*Problem description*:
Skip the pictures, and retype the data below in full, exactly.

+++ Dataset extract

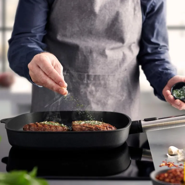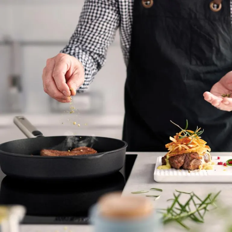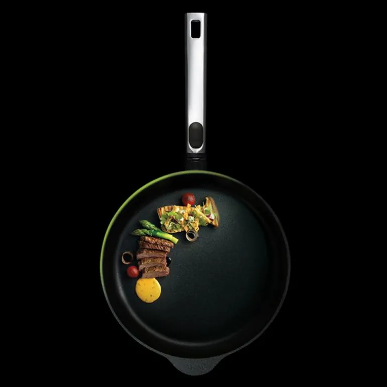 Stekepanne i støpt aluminium, Woll. Utstyrt med et slitesterkt og 5-lags belegg som bla. består av diamant-partikler Avtagbart håndtak. Kan brukes på alle varmekilder, også induksjon. Pannen tåler ovn. Håndtak kan ikke tas i ovn.
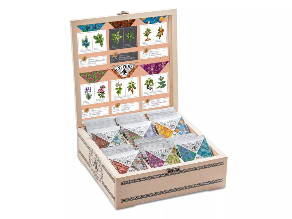 Набор многофункционален. Шкатулка с пакетиками будет эффектным и функциональным украшением вашей кухни или гостиной. В качестве чайного мини-дисплея она удобна для использования в офисе. Кроме того, набор является прекрасным подарком.
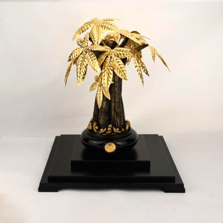 Thân và tán cây được chế tác thủ công bằng hợp kim cao cấp, mạ vàng 24K nguyên chất , bền đẹp, không phai màu.
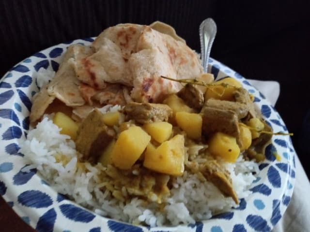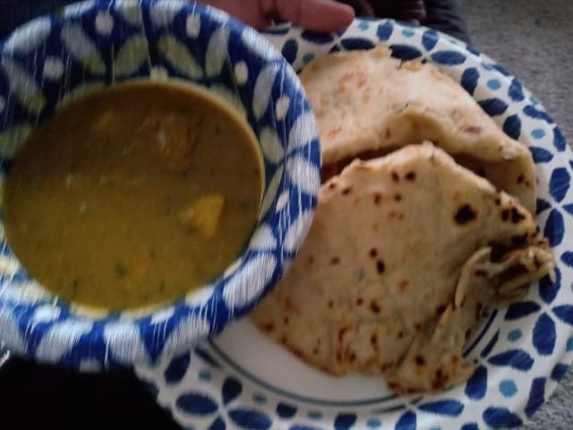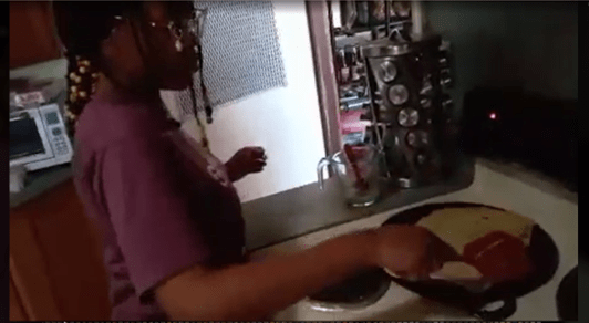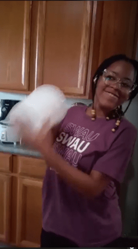 of Medical Missionary class. This cheerful young lady is cooking delicious roti after shaking up the flour for the batter.

++++++

*Task output*:
 Stekepanne i støpt aluminium, Woll. Utstyrt med et slitesterkt og 5-lags belegg som bla. består av diamant-partikler Avtagbart håndtak. Kan brukes på alle varmekilder, også induksjon. Pannen tåler ovn. Håndtak kan ikke tas i ovn.
 Набор многофункционален. Шкатулка с пакетиками будет эффектным и функциональным украшением вашей кухни или гостиной. В качестве чайного мини-дисплея она удобна для использования в офисе. Кроме того, набор является прекрасным подарком.
 Thân và tán cây được chế tác thủ công bằng hợp kim cao cấp, mạ vàng 24K nguyên chất , bền đẹp, không phai màu.
 of Medical Missionary class. This cheerful young lady is cooking delicious roti after shaking up the flour for the batter.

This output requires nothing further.